There’s this quality about Lykay’s raps that always excites me. His deep voice, laid back, old school New York hip hop aura reminds me of what hip hop sounded like back then. The closing track ‘Yaa S33’, a sex-themed song featuring Tony Dickson on hook bubbles with afrobeat vibe . “Two Three Three” EP is a short project with a total running time of exactly 4 minutes, which means you can rewind the track and enjoy the refreshing sound it offers.

Yinda Oshodi – Continue

Yinda Oshodi’s latest release bask in the soothing vibe of afropop rhythms. The melody is enchanting; her voice remarkable; and the lyrics are easy to sing along. “Continue”, according to her ‘is a playful song that explores the inexplicable emotion/passion we feel for a lover/crush. Nonetheless, we don’t want them to stop what they’re doing to make us feel this way, despite not being able to explain it’.

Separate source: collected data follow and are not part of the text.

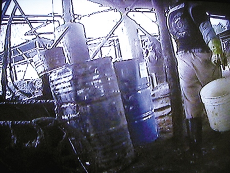 昨天下午,羊城晚報(bào)記者以收購(gòu)“潲水油”為名,進(jìn)入該家煉油窩點(diǎn)。從泰龍工業(yè)園附近的一條小路拐入,穿過(guò)鐵路涵洞不到100米即到,門(mén)口以竹柵欄做門(mén),未見(jiàn)廠(chǎng)名或掛任何招牌,卻用木桿高高掛起一個(gè)油桶。人一走近門(mén)口,一陣難聞的餿臭味便迎面撲來(lái),入門(mén)左側(cè)堆放了幾十個(gè)空油桶,還有一堆堆榨剩的油渣。場(chǎng)內(nèi)中央并排連著十幾個(gè)大水泥池,池內(nèi)裝填有大量剩飯剩菜等食品垃圾,空氣里彌漫著惡臭,令人掩鼻;再往里走,是一架帶有發(fā)動(dòng)機(jī)的簡(jiǎn)陋榨油機(jī),機(jī)器轟鳴聲中,不斷有深黃色的油液被擠出,滴到榨油機(jī)下方的一個(gè)槽里;旁邊還有幾個(gè)貌似用作煮油的圓筒裝置,周?chē)臀蹪M(mǎn)地。記者現(xiàn)場(chǎng)看到,場(chǎng)內(nèi)沒(méi)有一間固定建筑,全是用木頭、鎂瓦搭建起來(lái)的粗陋臨時(shí)棚寮。
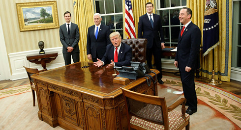 Trong ngày đầu tiên sau khi nhậm chức Trump không chỉ kịp thực hiện lời hứa chính trị liên quan đến Churchill, mà còn thay đổi bố cục trong Phòng Bầu dục.
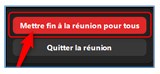 - Lorsque vous avez terminé, si vous avez enregistré votre cours, votre enregistrement sera transféré automatiquement dans votre compte Zoom et votre compte Panopto mais, pour ce faire, vous devez absolument cliquer sur le bouton « Fin » et cliquer sur « Mettre fin à la réunion pour tous »;
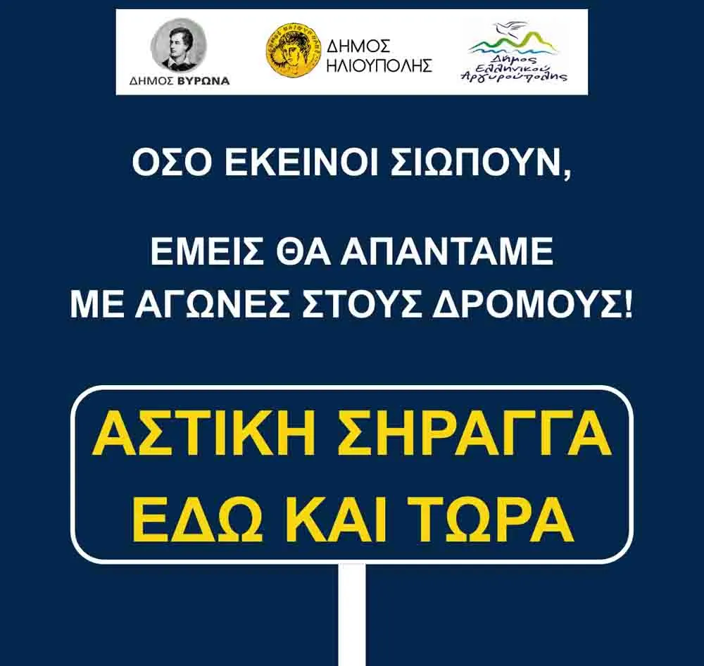 Οι Δήμοι Ηλιούπολης, Ελληνικού-Αργυρούπολης και Βύρωνα, μαζί με τα Δημοτικά Συμβούλια και τους πολίτες, βγαίνουμε δυναμικά μπροστά και στο άμεσο μέλλον θα ενταχθούν στην προσπάθεια αυτή και οι Δήμοι Δάφνης-Υμηττού και Αγίου Δημητρίου με στόχο να διευρύνουμε ακόμη περισσότερο το Μέτωπο των Δήμων απέναντι στην αδιαφορία.
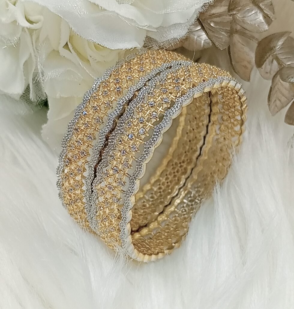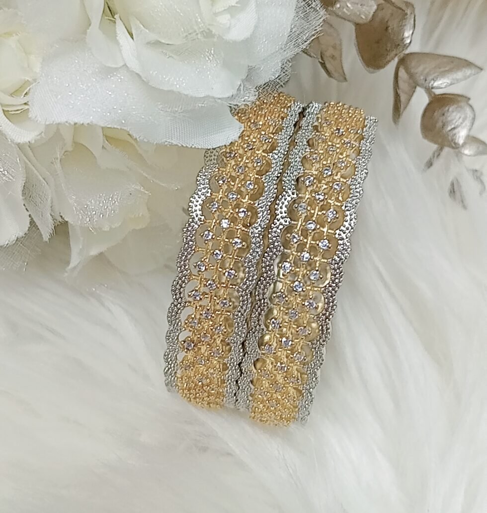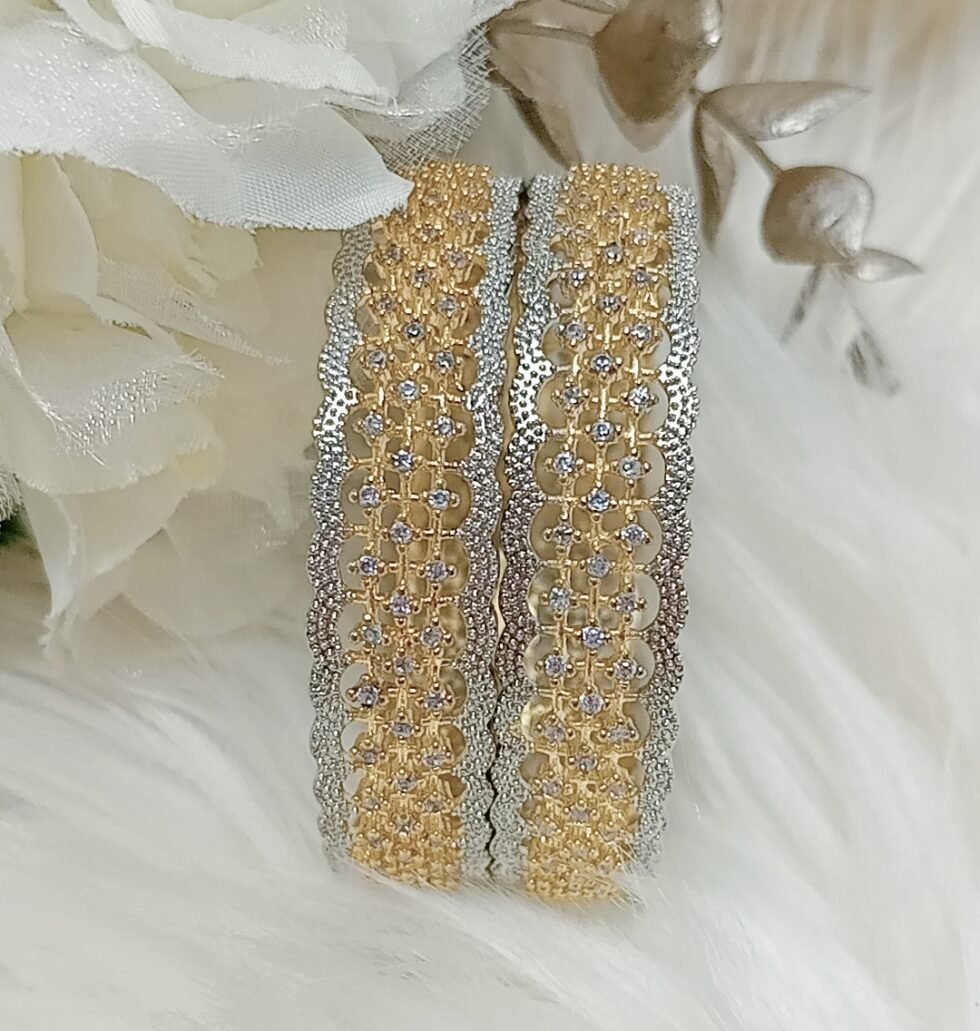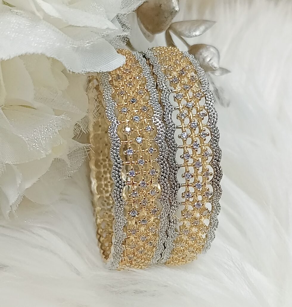 American Diamond Silver Gold Plated 2pc Bangle Set
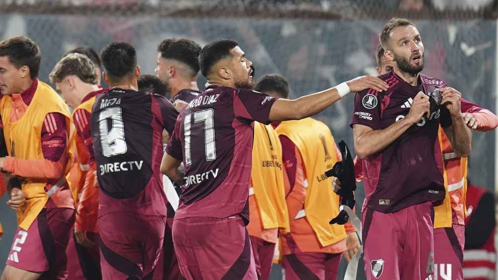 Ambos equipos terminaron con 10 jugadores por la expulsión a los 90 minutos del chileno de River Paulo Díaz y el uruguayo de Colo Colo Maximiliano Falcón tras ver dos amarillas consecutivas por agarrarse reiteradamente antes de un tiro de esquina.
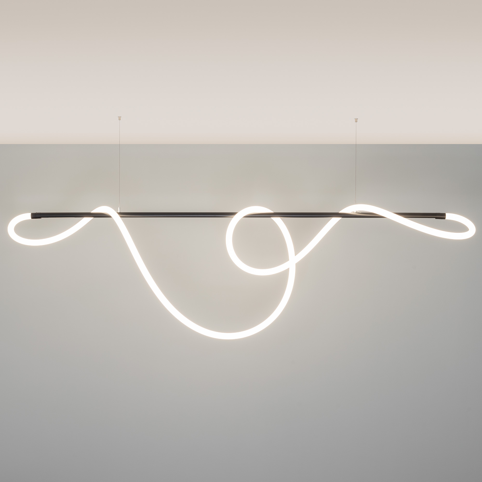 Подвесной светильник. Мощность 70 Вт, св. поток 4700 лм, 67 лм/Вт, дневной 4000 K, CRI>90, угол 360°, напряжение питания 230 В (в комплекте блок питания 230В/48В). Матовый белый фигурный корпус из силикона. Размер: диаметр 30 мм, длина 5000 мм. Монтаж на магнитный трек FLEX. Комплектующие: 021181(1) -1шт, 034063 - 2шт, 034062 - 1шт, 035391 - 1шт, 035385 - 1шт, 035388 - 1шт, коробка 035707.

Nxwrth feat Darkovibes – Cupid

Nxwrth has produced a host of songs for LaMeme Gang, the music collective he belongs to. But, for me, two of his works standout: “Godzilla” and “Cupid” “Cupid” finally get a video treatment from BZDRKO.

On the song, Darkovibes expresses disbelief about the purity of love he’s experiencing. But, like all good things, it ends too suddenly, sometimes tragically.. These feelings and questions is what BZDRKO explored in this silent movie styled video.

Nxwrth plays cupid, who shoot down the blissful relationship of these two individuals. The guy dies and the girl goes through a bout of emotional and mental burnout. No matter how hard she tries, the memories of her lover lingers. BZDRKO brave attempt at visual experimentation is worth applauding. In all the visual ‘chaos’, especially towards the end of video, she still told an excellent story that mirrors the idea behind the song.